_WORK INSTRUCTION_.
Copying rule for the data below: pictures stay out, and only the lines from the one with "8月18日,菲爾普斯與世界最" down to the one with "Além do movimento", inclusive, are repeated exactly.

INPUT RECORDS: Begin

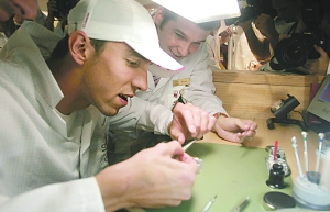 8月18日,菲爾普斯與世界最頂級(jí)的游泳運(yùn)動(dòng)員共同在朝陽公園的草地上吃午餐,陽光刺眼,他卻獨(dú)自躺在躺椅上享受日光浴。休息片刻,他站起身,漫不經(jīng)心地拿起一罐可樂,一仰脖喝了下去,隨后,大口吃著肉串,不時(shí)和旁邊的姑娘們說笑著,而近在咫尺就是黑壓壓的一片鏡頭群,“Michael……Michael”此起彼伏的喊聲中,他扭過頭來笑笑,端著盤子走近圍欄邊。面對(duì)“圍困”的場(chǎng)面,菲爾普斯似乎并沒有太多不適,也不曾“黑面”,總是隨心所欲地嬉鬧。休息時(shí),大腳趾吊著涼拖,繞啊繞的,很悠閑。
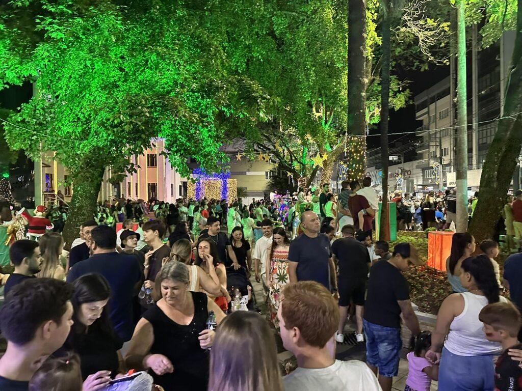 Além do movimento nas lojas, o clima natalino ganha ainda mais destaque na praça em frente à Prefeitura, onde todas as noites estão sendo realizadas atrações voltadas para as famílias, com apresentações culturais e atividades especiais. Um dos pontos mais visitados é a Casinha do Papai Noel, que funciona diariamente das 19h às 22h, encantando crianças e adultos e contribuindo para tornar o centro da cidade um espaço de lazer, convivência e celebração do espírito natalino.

INPUT RECORDS: End
INPUT RECORDS: Begin

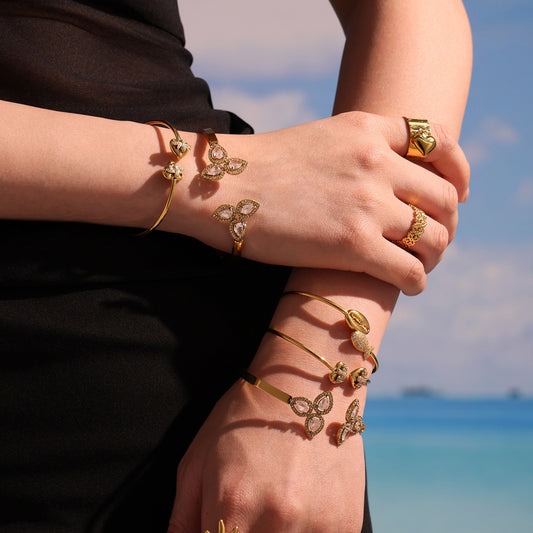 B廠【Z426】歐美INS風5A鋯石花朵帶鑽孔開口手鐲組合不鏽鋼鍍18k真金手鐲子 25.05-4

INPUT RECORDS: End

_WRITTEN ANSWER_.
 8月18日,菲爾普斯與世界最頂級(jí)的游泳運(yùn)動(dòng)員共同在朝陽公園的草地上吃午餐,陽光刺眼,他卻獨(dú)自躺在躺椅上享受日光浴。休息片刻,他站起身,漫不經(jīng)心地拿起一罐可樂,一仰脖喝了下去,隨后,大口吃著肉串,不時(shí)和旁邊的姑娘們說笑著,而近在咫尺就是黑壓壓的一片鏡頭群,“Michael……Michael”此起彼伏的喊聲中,他扭過頭來笑笑,端著盤子走近圍欄邊。面對(duì)“圍困”的場(chǎng)面,菲爾普斯似乎并沒有太多不適,也不曾“黑面”,總是隨心所欲地嬉鬧。休息時(shí),大腳趾吊著涼拖,繞啊繞的,很悠閑。
 Além do movimento nas lojas, o clima natalino ganha ainda mais destaque na praça em frente à Prefeitura, onde todas as noites estão sendo realizadas atrações voltadas para as famílias, com apresentações culturais e atividades especiais. Um dos pontos mais visitados é a Casinha do Papai Noel, que funciona diariamente das 19h às 22h, encantando crianças e adultos e contribuindo para tornar o centro da cidade um espaço de lazer, convivência e celebração do espírito natalino.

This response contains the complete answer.